Hello, hello, and good day fellow super nerds. This week was my second week working at the Marine Science Research Building in Santa Barbara, California. I could go off on this blog about how I had to suck up urchin feces with a large straw but I will save you the stomach juices. Misleadingly, it was actually a very opportunistic and educational work week filled with a lot of data collection.
Monday consisted of urchin assessment. I measured the diameter and weight of all 15 red urchins and all 15 purple urchins that we will be feeding over the next two weeks. A caliper – a handheld measurement device – was used to perform these measurements. Unfortunately, one grad student working towards a Ph.D. in Marine Biology, one undergraduate at Oklahoma University studying botany and currently writing a book, and one Pinhead, did not have enough combined brain power to catch on. We ended up lugging an 80-pound cooler filled with urchins up and down the lab stairs multiple times before Katrina finally realized we could just do all of the measurements in the sea urchin holding room. This was a rough epiphany at the moment but I believe the character building that we endured was priceless.
Onto our algae. We actually received another species of algae that we integrated into our experiment this week. Cystoseira is a species of rockweed also naturally consumed by the two species of urchins. Before we let any of the urchins feed, we had to take samples of Cystoseira and the other 5 species of algae to the dehydrator. Next week, after all of the algae is completely dehydrated, we will grind it into a fine powder for CHN analysis. 40-gram bunches of each species of algae were also necessary in order to start the urchin feeding process. Each urchin must have identical algae availability to begin experimentation. After inserting all of the
algae into each urchin holding tank, the experiment was officially underway. Although the experiment had started, the data collection did not stop here. We needed to cut dog-bone shaped samples out of all the seaweed we had left. These would be sent to the analytical lab for an elasticity test.
Katrina also brought in new urchins for a second experiment we will start this next Wednesday. Since these urchins were fresh out of the ocean, they were heavily excreting. So heavily, that the water was becoming uninhabitable. We had to do something about the murky water, and since I was finished with data collection, I was nominated for the duty. There was a long plastic tube that I had to siphon the water out of the tub with. To be completely honest, some of the water got into my mouth, but I started the siphon near the seawater entrance so it was the freshest and least contaminated that did. Repulsive, repulsive, repulsive.

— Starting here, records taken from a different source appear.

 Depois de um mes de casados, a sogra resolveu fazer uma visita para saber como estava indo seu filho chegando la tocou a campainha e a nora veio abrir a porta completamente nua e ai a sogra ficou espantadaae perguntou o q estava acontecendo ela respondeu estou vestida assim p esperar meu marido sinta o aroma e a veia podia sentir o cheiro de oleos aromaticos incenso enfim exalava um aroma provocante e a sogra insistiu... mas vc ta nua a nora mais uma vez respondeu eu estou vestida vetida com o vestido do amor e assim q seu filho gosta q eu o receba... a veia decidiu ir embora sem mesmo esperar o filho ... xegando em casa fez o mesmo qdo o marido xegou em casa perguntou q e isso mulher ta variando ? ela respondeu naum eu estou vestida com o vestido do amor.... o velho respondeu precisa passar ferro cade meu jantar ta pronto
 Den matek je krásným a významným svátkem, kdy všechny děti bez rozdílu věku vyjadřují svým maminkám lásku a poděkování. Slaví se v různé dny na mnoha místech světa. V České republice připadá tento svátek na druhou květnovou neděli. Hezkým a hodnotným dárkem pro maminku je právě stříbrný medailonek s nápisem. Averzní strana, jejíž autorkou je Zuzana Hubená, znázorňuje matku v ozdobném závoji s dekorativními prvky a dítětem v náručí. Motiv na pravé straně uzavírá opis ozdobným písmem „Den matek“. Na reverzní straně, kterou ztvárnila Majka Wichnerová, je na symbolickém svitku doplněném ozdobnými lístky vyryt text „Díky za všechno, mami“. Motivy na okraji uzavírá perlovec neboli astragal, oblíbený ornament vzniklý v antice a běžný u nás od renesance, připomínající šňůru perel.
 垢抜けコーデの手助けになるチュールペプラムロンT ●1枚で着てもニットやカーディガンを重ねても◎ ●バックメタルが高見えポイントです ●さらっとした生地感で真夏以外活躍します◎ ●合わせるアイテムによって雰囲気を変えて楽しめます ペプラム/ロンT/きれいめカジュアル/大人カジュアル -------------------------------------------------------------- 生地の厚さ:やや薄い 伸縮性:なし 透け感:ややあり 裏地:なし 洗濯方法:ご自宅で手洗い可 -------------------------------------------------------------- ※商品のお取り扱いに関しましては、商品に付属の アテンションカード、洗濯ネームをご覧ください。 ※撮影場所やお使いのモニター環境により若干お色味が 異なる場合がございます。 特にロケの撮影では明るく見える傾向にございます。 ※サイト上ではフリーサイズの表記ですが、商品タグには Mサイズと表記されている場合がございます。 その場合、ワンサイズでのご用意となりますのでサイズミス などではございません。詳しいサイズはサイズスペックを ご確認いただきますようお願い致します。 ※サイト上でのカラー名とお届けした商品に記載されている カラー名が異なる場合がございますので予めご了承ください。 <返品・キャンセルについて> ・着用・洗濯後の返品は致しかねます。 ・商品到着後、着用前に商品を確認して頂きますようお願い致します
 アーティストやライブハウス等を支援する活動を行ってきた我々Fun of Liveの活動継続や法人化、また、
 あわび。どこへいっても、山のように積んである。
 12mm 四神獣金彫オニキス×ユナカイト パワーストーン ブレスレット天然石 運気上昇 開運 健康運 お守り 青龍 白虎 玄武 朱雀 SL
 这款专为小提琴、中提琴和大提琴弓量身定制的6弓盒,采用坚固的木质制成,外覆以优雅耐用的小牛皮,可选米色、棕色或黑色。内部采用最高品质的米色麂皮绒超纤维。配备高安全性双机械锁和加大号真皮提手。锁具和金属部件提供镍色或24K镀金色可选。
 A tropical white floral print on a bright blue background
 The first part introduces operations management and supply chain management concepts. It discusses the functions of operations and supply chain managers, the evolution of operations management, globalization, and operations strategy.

After a small spiel about urchin defensome and gene sequencing, I finished the week learning about a program we will use to analyze our experimental results. Rstudio is a widely used coding application among ecologists and the one that everyone in the Marine Science Research Building utilizes. I practiced using Rstudio by graphing all of the data sets that we had collected throughout the week.
When not collecting data this week, Bryce and I spent some time at the movies, some time floating in
large donuts, and lots of time on the tar-sand beaches where the tar is absolutely relentless. We would return after only a couple of hours on sunbathing and spend 45 minutes in the shower scrubbing the black gunk off of our flesh. I ended up using an entire jar of peanut butter just for tar-scrubbing. It was surprisingly effective and exfoliating with all of the peanut chunks.
The week came to an end at the cinema in downtown Goleta where Bryce and I watched the 9:50 horror, Crawl. Great idea but terrible execution. 6/10.